As far as I can see, Miliband didn't say this to Lord Brown. I googled "We are not into the game of hints" and found the provocatively titled Minister of Malarkey.


Mr. Miliband, too, must have been surprised to read that his new subordinate sees himself as "the older figure, the wise eminence behind the young Foreign Secretary." Mr. Miliband wasted no time in giving an interview of his own in which he laughed out loud at Lord Malloch Brown's pretensions.

Asked if the British government had changed its tone toward the Bush administration, he replied, "No - a straight answer to a straight question. We are not into the game of hints. If we want to say something you will hear it from the Prime minister and you will hear it from myself."


I haven't yet found this interview, but New Labour watchers will no doubt rejoice the Broon regime is just as fond of ministers spinning against each other as Blair's was. It's like Alastair Campbell and Charlie Whelan all over again. There's a constitutional issue here, I think. Miliband thinks he and Brown can set policy; I'm not so sure. Brown wasn't elected, and Labour should still be 'bound' (if that's the word) by the 2005 Manifesto. It's quite something that they can treat a minister as if he were barely fit to photocopy their press releases. Where does Brownite policy come from? Not from cabinet discussion, it seems. Yet from Miliband commits to US 'special relationship' (The Times) we learn that Miliband has altered UK policy.

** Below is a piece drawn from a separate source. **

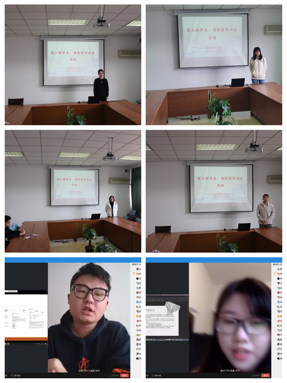 为进一步弘扬青年学子的积极进取、勤奋钻研精神,挖掘身边的优秀榜样,表彰先进,发挥优秀青年的模范带头作用,3月26日下午,伟德victor1946在仙林校区德业楼530会议室通过线上线下相结合的形式开展2020-2021年度“省三好,省优毕”公开考评会。来自各年级共10位优秀学子参与角逐。院党总支副书记布丹丹、分团委书记孙晓飞、本科生辅导员卢艳梅、刘文川等老师出任评委。

He slimmed down Britain's 10 major foreign policy objectives to just three: fighting extremism, climate change and a more effective EU.


"Fighting extremism" is a terrible way to say - whatever it is Miliband means. Putin could be an extremist. Gadaafi certainly is. So is Mugabe. Are we going to fight all of them? (I take it that 'fighting' applies to both 'extremism' and 'climate change' but not 'a more effective EU'. But I'm not taking odds.)


Far from not working, the surge has only just reached its peak, and even sceptical observers concede that there is real progress, one consequence of which has been a diminution in Iraqi deaths, though an increase in American ones.


The Initial Benchmark Assessment Report is too long and complex to summarise here (I've also only skimmed it), and it does say that there has been progress, but that isn't a good summary of its conclusions. Grauniad:


But it [the report] admitted insufficient progress on eight of 18 congressional benchmarks, mainly concerning political reconciliation. Results were mixed on two other political benchmarks, and "satisfactory" progress was reported in the remaining areas, which mostly concerned military issues.


Iraq's a mess. Best thing to do is slag off the New York Times. DA notes that there is "not one single word in the [NYT] editorial about what Iraqis themselves wanted the US to do". There is one sentence on what Iraqis want in his article: "The calls from Iraqi politicians, local leaders in Anbar, the Kurds and many other groups for the Americans to stay on for the time being were not even referred to." Now, George Galloway is a British politician, Iqbal Sacranie is a local leader - if I could just think of some faction to replace 'the Kurds' I could rewrite DA's sentence to suggest that lots of people in this country eagerly await the collapse of the Great Satan America. And it would be no less true.

I wrote this last night, and I'm not happy with it - especially the last para. So blast away, me hearties.

2 Comments:

Blogger Matthew said...

I think it was so bad it's largely unwatchable.

If I was to have a go, I would suggest his concerns about unilateral withdrawal, saying the game is up, admitting the disaster, etc, are less that the US Army and the US government might do that, which I suspect doesn't really bother him much, and more his fellow pro-war columnists.

They're all, with the obvious and increasingly loopy exceptions (Phillips, Pollard, the H'S'JS), backing off it now, but they're trying to avoid whatever is the columnar equivalent of the helicopters on the roof of the Embassy. The technique most favoured now seems to be to issue some regrets, blather away for ages, mouth some platitudes about 'not leaving the Iraqis' and hope that will do.

7/20/2007 10:28:00 AM  
Blogger ejh said...

It doesn't matter anyway since they will have stayed the course and therefore won't be to blame (that'll be us, of course).